The Suffolk County district attorney, a publicity hound and ambitious as hell, is Kevin Ahearn. Jimmy has already taken to calling him Front Page Ahearn. I know, though I’ve never gone up against him, that his record on convictions is as spotless as mine is on acquittals. Which makes him, from where I sit, a very bad man.

And a meticulous one. The first few minutes of his folksy presentation, getting it in early that he grew up in Greenport, over on the North Shore, as if he himself could have been among the jury pool, have me thinking I should have packed a lunch.

Then, as I knew he would, he takes a shrewd turn, detailing the state’s case against Rob Jacobson without once mentioning his name. Rob is “THE DEFENDANT.” Emphasis intended.

“His is a world apart,” Ahearn says. “Sagaponack and an opulent town house on the Upper West Side of Manhattan, and the exclusive Dalton School over on the other side of Central Park. The world where the defendant became convinced he could buy anything he wanted.”

Ahearn pauses.

“Anything, in this case, except an acquittal,” Ahearn says.

He introduces the Gates family, sharing their Instagram stories about this being the first time they had ever rented a summerhouse in the Hamptons, the summer Mitch and Kathy Gates celebrated their twentieth wedding anniversary in late July with their teenage daughter, before they were found dead in that house.

“The defendant took everything away from them,” Ahearn says. “And on one terrible night, that family and all of its history was gone. And their dream summer had turned into a nightmare.”

I’m not watching him now. I’m watching the jury. The guyisvery good. And has their full attention with the story he’s telling and the way he’s telling it, concluding with a guarantee.

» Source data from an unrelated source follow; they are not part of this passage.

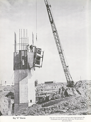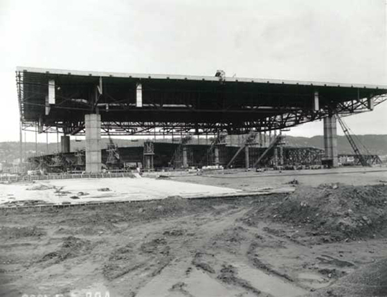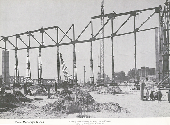 Memorial Coliseum's construction process was large scale, unique and amazing. It was an unprecedented engineering and construction marvel in the United States.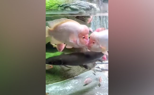 वायरल वीडियो में देखा जा सकता है कि कैसे दो मछलियां आपस में प्रेम कर रही हैं. दोनों एक दूसरे को किस रही हैं. ऐसा लग रहा है कि दोनों की जोड़ी काफी रोमांटिक हो रही है. सोशल मीडिया पर यह वीडियो वायरल हो रहा है. लोगों को यह वीडियो इतना भा रहा है कि लोग कमेंट कर रहे हैं.
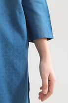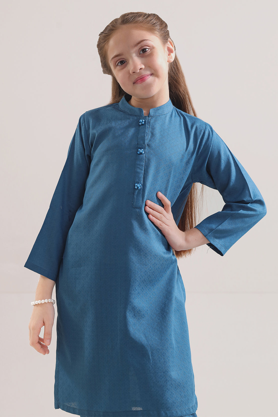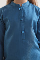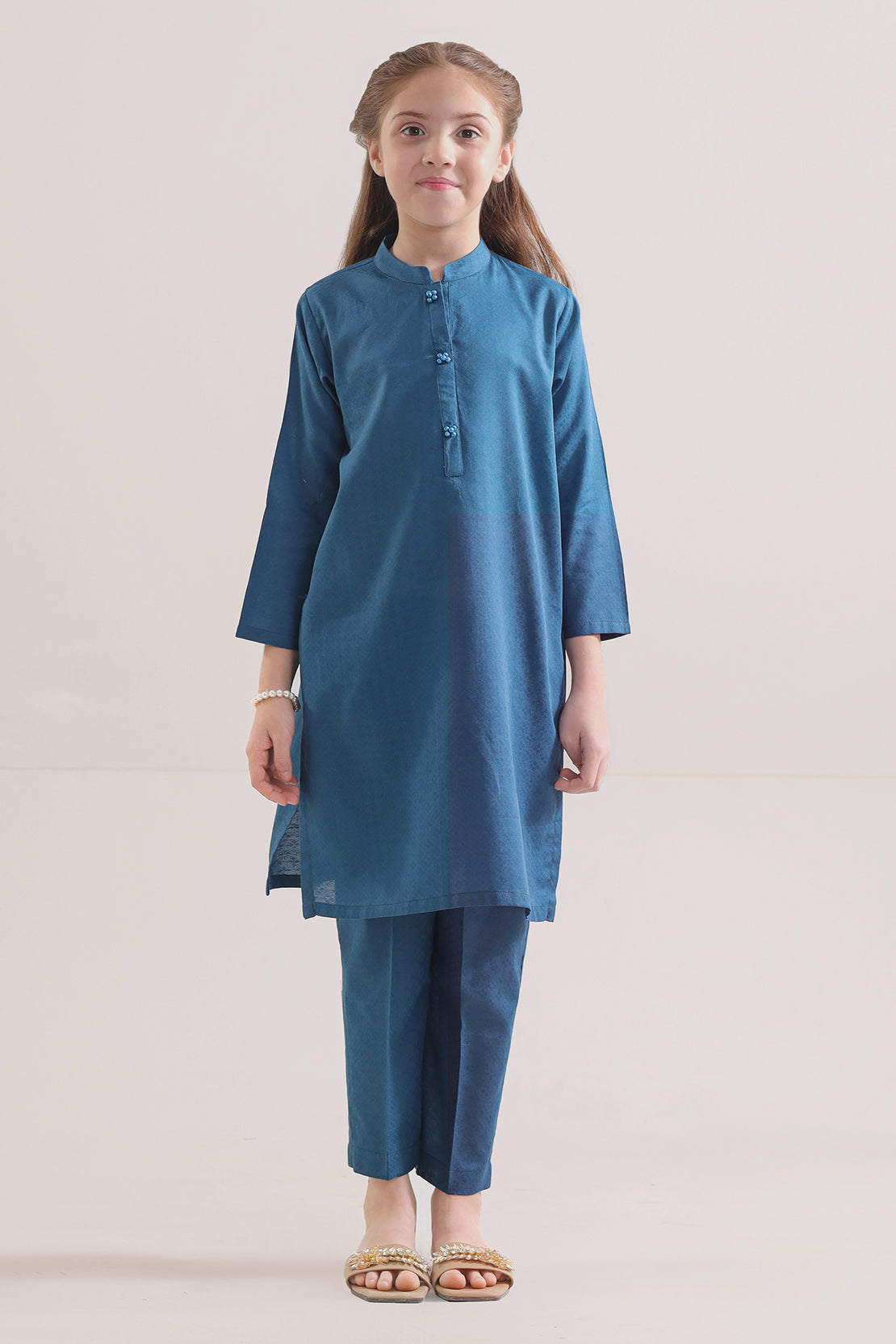 SAYA Stitched Lawn Jacquard Shirt And Trouser Set For Kids In Teal Featuring Premium Lawn Jacquard Weave That Offers Soft Texture And Breathable Comfort. Shirt With Subtle Pattern Adds A Touch Of Elegant Style; Coordinated Trouser Complements With Clean Stitching And Comfortable Silhouette. Ready-To-Wear Ensemble Perfect For School Days, Family Outings Or Festive Occasions Where Practicality Meets Youthful Charm.

“My esteemed opponent will talk, probably at length, about the lack of motive. But what she will really be doing is shouting at you from the other side of a mountain of evidence against the defendant.”

Ahearn isn’t a big guy. Trim, gray-haired, blue suit that looks—and not by accident, I’m guessing—as if it could use a good steaming. But he’s definitely got a big courtroom voice. Using it to full advantage now.

“My friends, I will leave you with this: facts are very stubborn things.”

One last pause.

“Almost as stubborn as the state’s pursuit of justice in this case, one that will inevitably end with a conviction,” he says. “When we have concluded our business in this courtroom, this won’t be about celebrity and it won’t be about money. It will be about the facts. And about something that you have probably noticed is under attack in this country but still matters:the truth.”

I am already getting out of my seat as he is sitting down, walking across to the empty witness stand, smiling, then turning to the jury.

And applauding. Loudly, and enthusiastically.

From my right I immediately hear the gavel of Judge Jackson Prentice III, who is clearly and enthusiastically displeased. With me.

“Really, Ms. Smith? This isn’t a show.”